• _AIM OF THE EXERCISE_:
An exact copy of every entry is required, minus the pictures.

• _EXERCISE MATERIAL_:
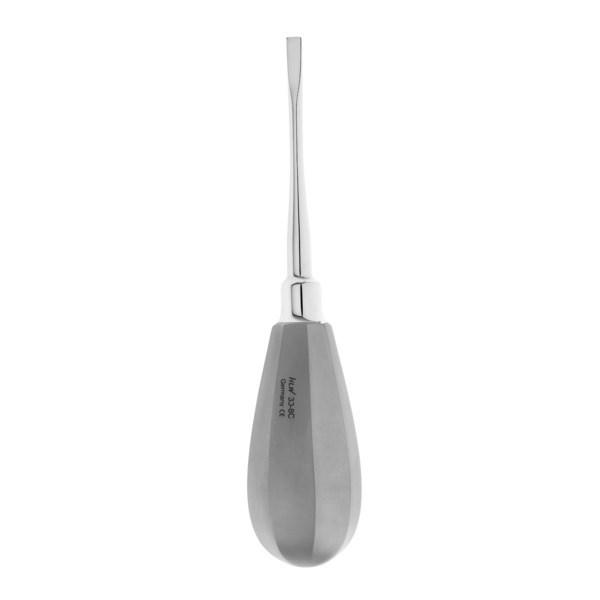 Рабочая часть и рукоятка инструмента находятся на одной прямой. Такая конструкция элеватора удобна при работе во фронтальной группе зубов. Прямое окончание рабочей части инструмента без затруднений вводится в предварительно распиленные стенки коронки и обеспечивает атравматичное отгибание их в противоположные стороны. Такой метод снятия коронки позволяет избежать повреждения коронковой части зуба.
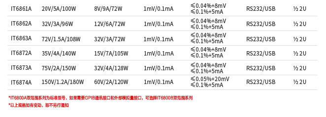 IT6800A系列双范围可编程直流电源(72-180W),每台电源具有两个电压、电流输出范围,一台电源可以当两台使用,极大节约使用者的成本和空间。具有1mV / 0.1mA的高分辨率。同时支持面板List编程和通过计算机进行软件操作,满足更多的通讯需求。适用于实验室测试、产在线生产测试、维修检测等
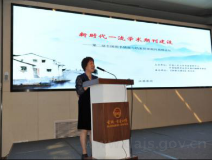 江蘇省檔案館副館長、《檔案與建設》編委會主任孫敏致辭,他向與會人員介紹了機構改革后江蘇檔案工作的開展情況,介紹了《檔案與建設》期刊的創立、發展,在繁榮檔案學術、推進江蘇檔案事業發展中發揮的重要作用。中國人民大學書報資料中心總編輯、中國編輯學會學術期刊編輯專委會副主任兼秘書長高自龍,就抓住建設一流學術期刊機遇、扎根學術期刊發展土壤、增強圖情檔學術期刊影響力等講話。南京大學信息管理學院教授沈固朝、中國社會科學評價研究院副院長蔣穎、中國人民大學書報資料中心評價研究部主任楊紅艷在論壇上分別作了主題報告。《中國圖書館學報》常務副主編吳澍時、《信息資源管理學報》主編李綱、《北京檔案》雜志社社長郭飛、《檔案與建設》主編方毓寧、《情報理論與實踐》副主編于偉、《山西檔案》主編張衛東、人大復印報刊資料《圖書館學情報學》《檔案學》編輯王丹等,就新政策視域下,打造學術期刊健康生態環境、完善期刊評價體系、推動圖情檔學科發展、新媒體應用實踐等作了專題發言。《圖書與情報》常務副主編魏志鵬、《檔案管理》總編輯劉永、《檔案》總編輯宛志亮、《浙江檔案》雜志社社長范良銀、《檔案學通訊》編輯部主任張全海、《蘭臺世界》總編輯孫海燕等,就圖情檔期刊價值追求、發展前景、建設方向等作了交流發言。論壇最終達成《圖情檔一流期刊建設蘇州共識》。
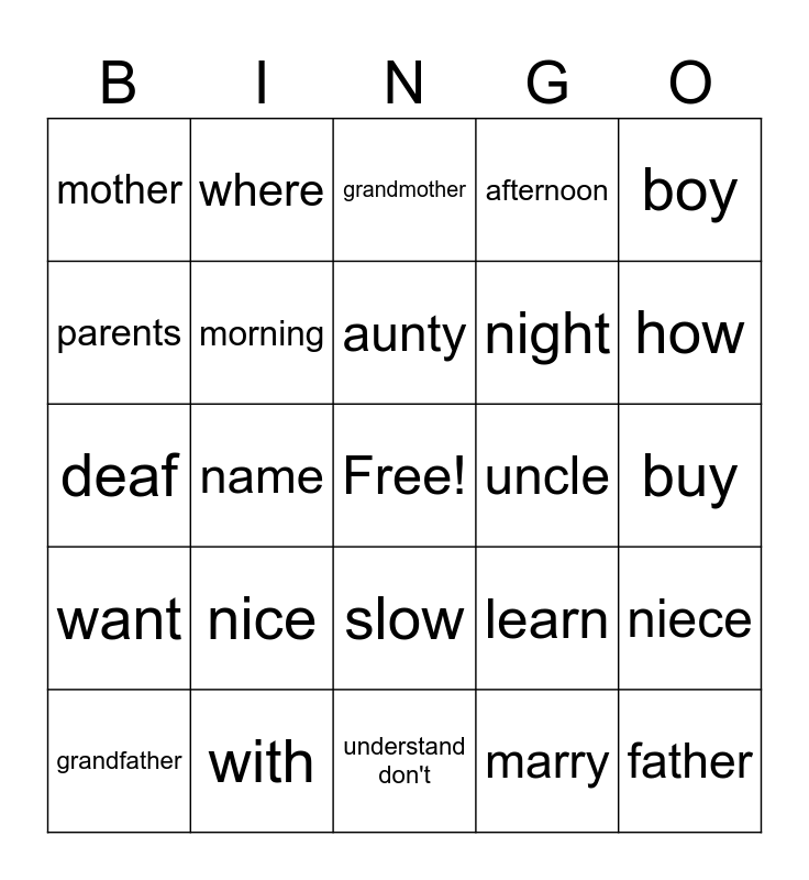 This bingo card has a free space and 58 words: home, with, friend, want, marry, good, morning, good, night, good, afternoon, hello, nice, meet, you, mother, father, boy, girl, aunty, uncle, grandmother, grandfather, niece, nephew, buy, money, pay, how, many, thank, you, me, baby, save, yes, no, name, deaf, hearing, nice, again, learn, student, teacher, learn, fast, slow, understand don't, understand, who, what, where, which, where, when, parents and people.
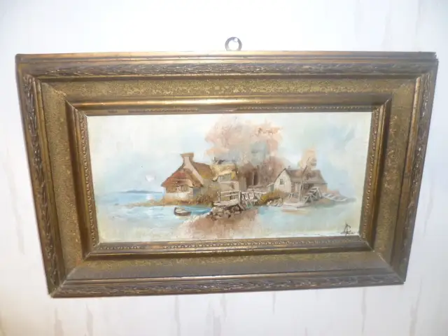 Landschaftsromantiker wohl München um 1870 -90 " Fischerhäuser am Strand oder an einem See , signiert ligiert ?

• _ANSWER SPACE_:
 Рабочая часть и рукоятка инструмента находятся на одной прямой. Такая конструкция элеватора удобна при работе во фронтальной группе зубов. Прямое окончание рабочей части инструмента без затруднений вводится в предварительно распиленные стенки коронки и обеспечивает атравматичное отгибание их в противоположные стороны. Такой метод снятия коронки позволяет избежать повреждения коронковой части зуба.
 IT6800A系列双范围可编程直流电源(72-180W),每台电源具有两个电压、电流输出范围,一台电源可以当两台使用,极大节约使用者的成本和空间。具有1mV / 0.1mA的高分辨率。同时支持面板List编程和通过计算机进行软件操作,满足更多的通讯需求。适用于实验室测试、产在线生产测试、维修检测等
 江蘇省檔案館副館長、《檔案與建設》編委會主任孫敏致辭,他向與會人員介紹了機構改革后江蘇檔案工作的開展情況,介紹了《檔案與建設》期刊的創立、發展,在繁榮檔案學術、推進江蘇檔案事業發展中發揮的重要作用。中國人民大學書報資料中心總編輯、中國編輯學會學術期刊編輯專委會副主任兼秘書長高自龍,就抓住建設一流學術期刊機遇、扎根學術期刊發展土壤、增強圖情檔學術期刊影響力等講話。南京大學信息管理學院教授沈固朝、中國社會科學評價研究院副院長蔣穎、中國人民大學書報資料中心評價研究部主任楊紅艷在論壇上分別作了主題報告。《中國圖書館學報》常務副主編吳澍時、《信息資源管理學報》主編李綱、《北京檔案》雜志社社長郭飛、《檔案與建設》主編方毓寧、《情報理論與實踐》副主編于偉、《山西檔案》主編張衛東、人大復印報刊資料《圖書館學情報學》《檔案學》編輯王丹等,就新政策視域下,打造學術期刊健康生態環境、完善期刊評價體系、推動圖情檔學科發展、新媒體應用實踐等作了專題發言。《圖書與情報》常務副主編魏志鵬、《檔案管理》總編輯劉永、《檔案》總編輯宛志亮、《浙江檔案》雜志社社長范良銀、《檔案學通訊》編輯部主任張全海、《蘭臺世界》總編輯孫海燕等,就圖情檔期刊價值追求、發展前景、建設方向等作了交流發言。論壇最終達成《圖情檔一流期刊建設蘇州共識》。
 This bingo card has a free space and 58 words: home, with, friend, want, marry, good, morning, good, night, good, afternoon, hello, nice, meet, you, mother, father, boy, girl, aunty, uncle, grandmother, grandfather, niece, nephew, buy, money, pay, how, many, thank, you, me, baby, save, yes, no, name, deaf, hearing, nice, again, learn, student, teacher, learn, fast, slow, understand don't, understand, who, what, where, which, where, when, parents and people.
 Landschaftsromantiker wohl München um 1870 -90 " Fischerhäuser am Strand oder an einem See , signiert ligiert ?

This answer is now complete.